Table Munging Terminology

We need a simple vocabulary for talking about the manipulation of tabular data structures. That is, we want a clean and elegant way of describing how to munge tables. We want to slice and dice them with minimal pain. Implementation can follow once we settle on the right verbs for data manipulation operations and the right nouns for post-manipulated elements. Yes, we have relational algebra codified in SQL and its mungy extensions. So we’re just talking about a coherent distillation of those parts potentially applicable to any tabular data store.

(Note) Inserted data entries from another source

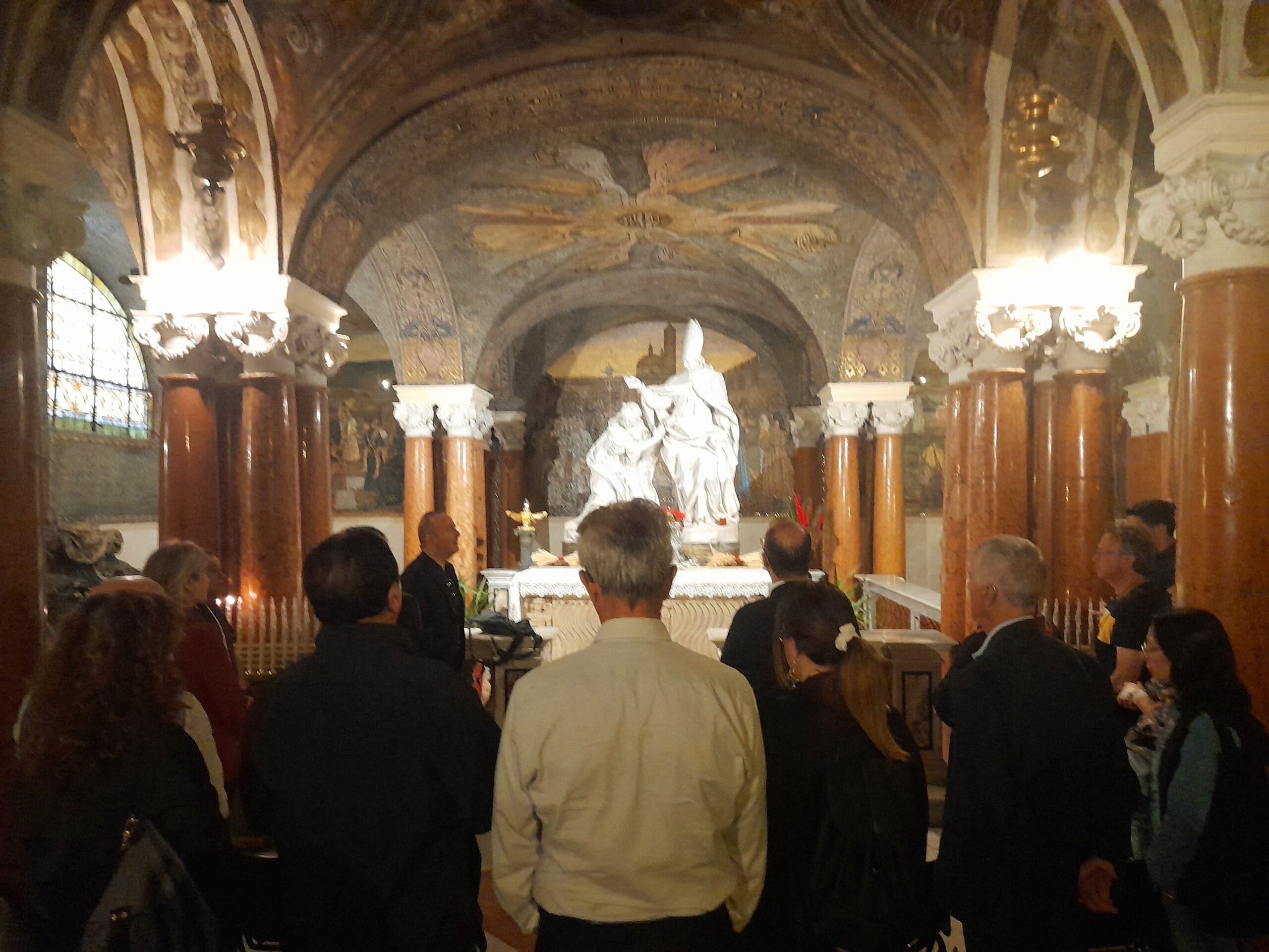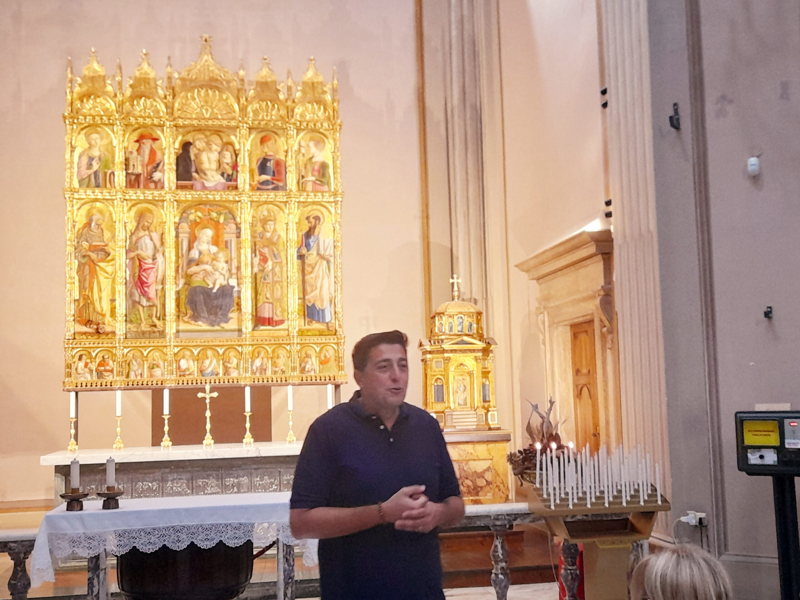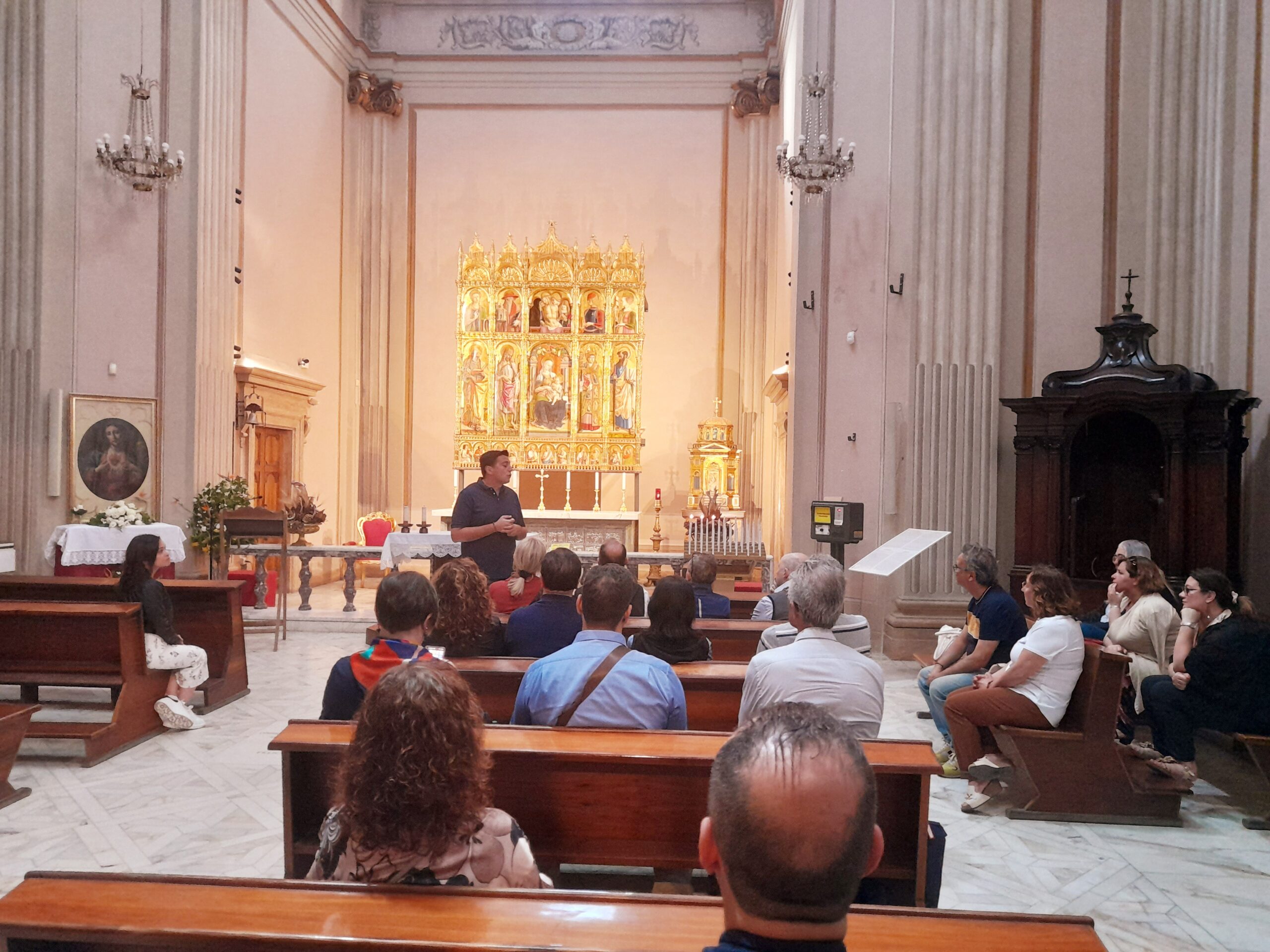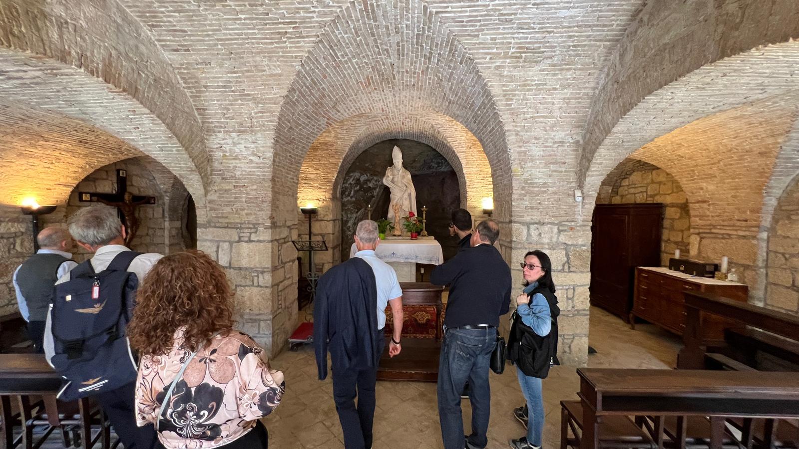 Oltre al Museo, numerosi sono stati i luoghi raggiunti dal gruppo di studenti e docenti. Al mattino i pellegrini hanno visitato il Duomo di Sant’Emidio, sotto la guida sapiente ed esperta del prof. Andrea Viozzi, il quale ha incantato gli studenti, raccontando la genesi, il contesto storico e le caratteristiche delle opere architettoniche, scultoree e pittoriche presenti all’interno dell’edificio sacro: in particolare il polittico di Sant’Emidio dell’artista Carlo Crivelli, il pregevole paliotto in argento che ricopre l’altare, le due tele di Ludovico Trasi, raffiguranti il Battesimo di Polisia e la Decapitazione di Sant’Emidio, tutte opere preziose conservate all’interno della Cappella del Santissimo Sacramento; invece nella cripta, sotto al presbiterio, la tomba di Sant’Emidio, il gruppo marmoreo di Lazzaro Giosafatti raffigurante Sant’Emidio che battezza Polisia, i preziosi mosaici raffiguranti la storia della Chiesa ascolana, gli antichi affreschi risalenti ai sec. XIII e XIV che sono stati scoperti durante i lavori di restauro partiti nel 2019.
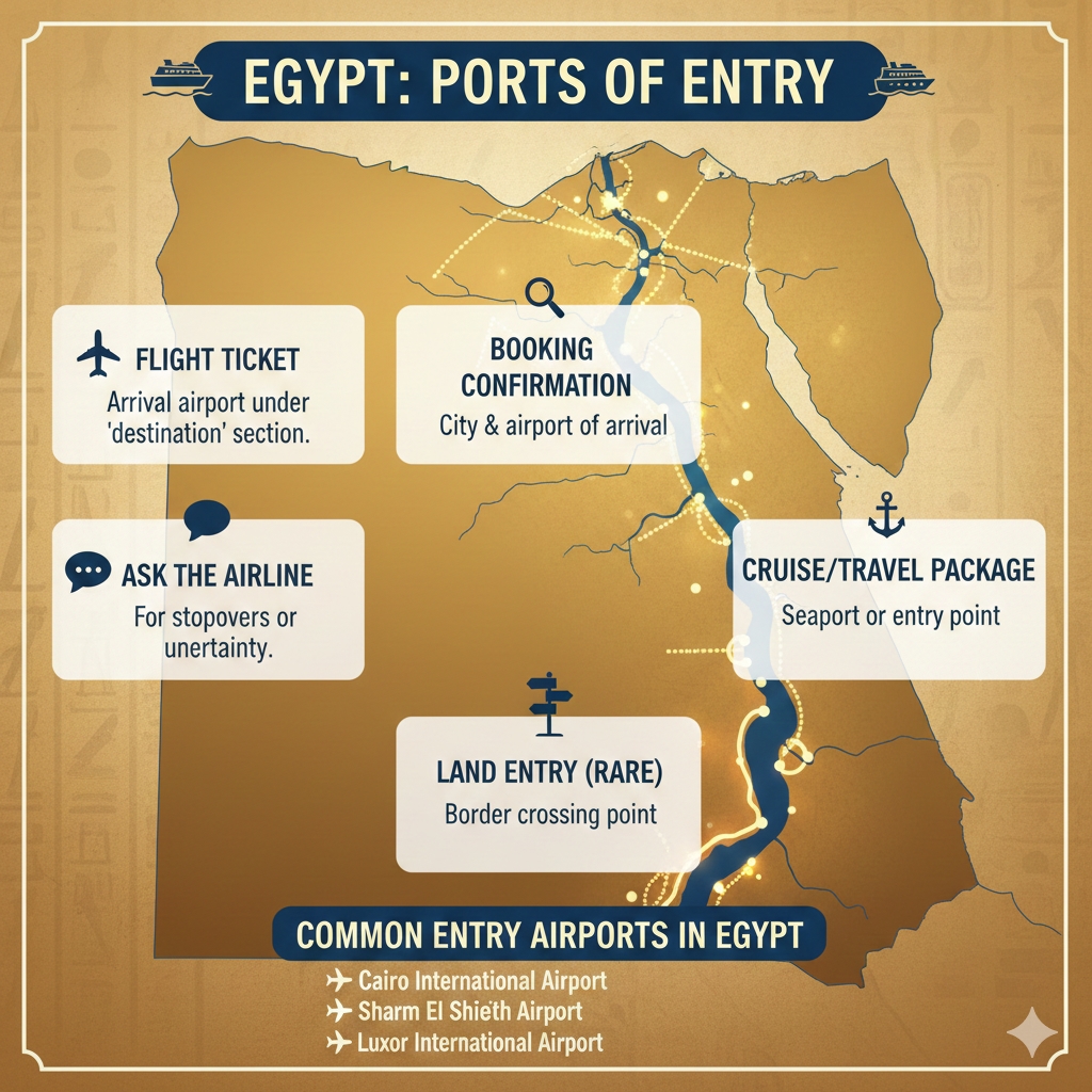 You can find your port of entry by checking the details of your travel booking and flight itinerary. The airport name or arrival location is always mentioned on your flight ticket and confirmation email.
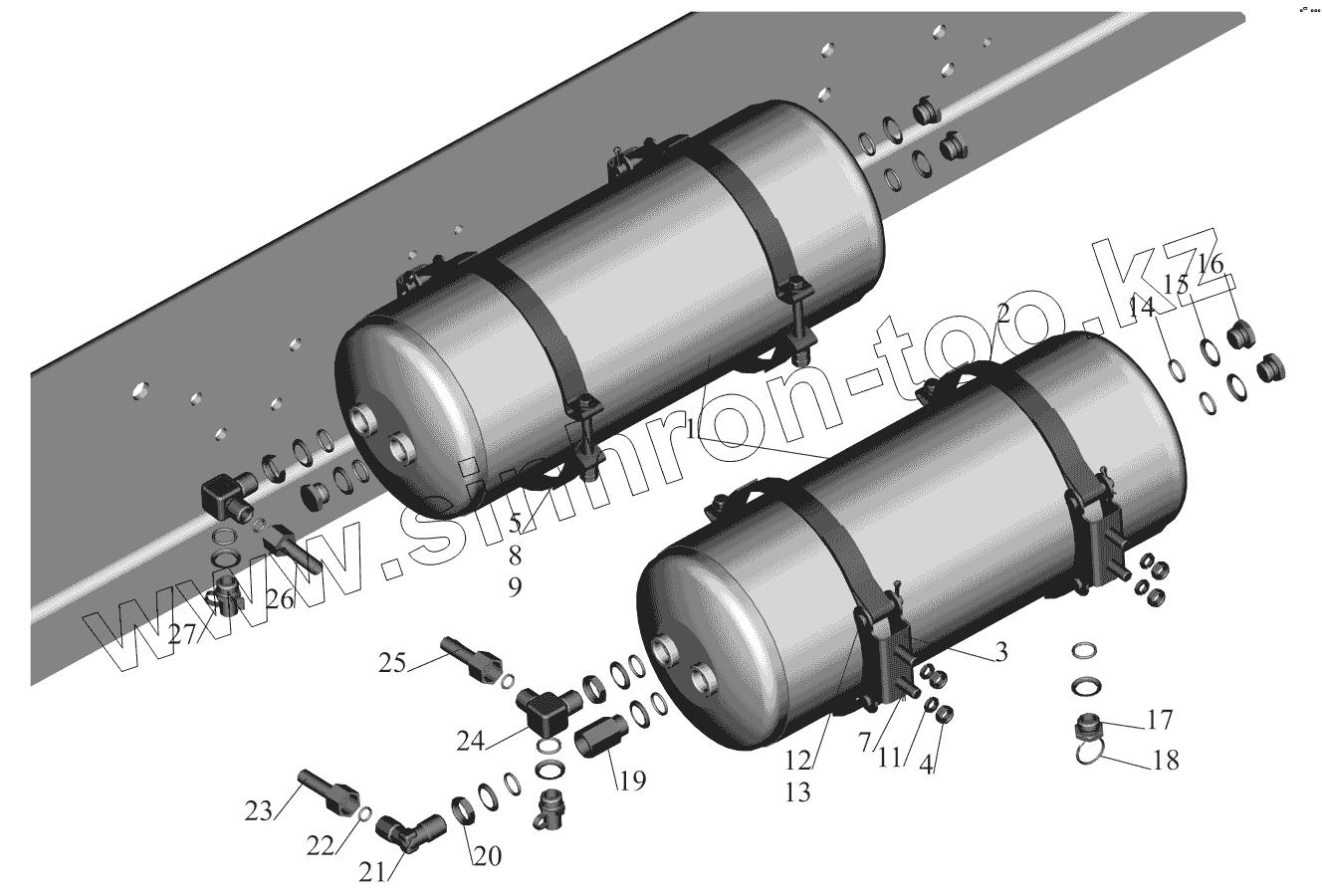 Каталог запасных частей к технике: МАЗ-530905. Установка ресиверов 530905-3513006 и присоединительной арматуры

What follows are extracts from Hadley Wickham’s dplyr project README file.

Context

You need to split up a big data structure into homogeneous pieces, apply a function to each piece and then combine all the results back together. For example, you might want to:

fit the same model for each subset of a data frame
quickly calculate summary statistics for each group
perform group-wise transformations like scaling or standardising

Unary verbs

select(): focus on a subset of variables
filter(): focus on a subset of rows
mutate(): add new columns
summarise(): reduce each group to a smaller number of summary statistics
arrange(): re-order the rows

Binary verbs

As well as verbs that work on a single table, we also want verbs describing how to operate on two tables at a time, viz. your standard joins:

inner_join(x, y): matching x + y
left_join(x, y): all x + matching y
semi_join(x, y): all x with match in y
anti_join(x, y): all x without match in y

Other

We might also want to provide head() and print() methods for summary display of our tables.

Existing tools

reshape
dplyr
pandas
crossfilter - fast n-dimensional filtering and grouping of records in javascript.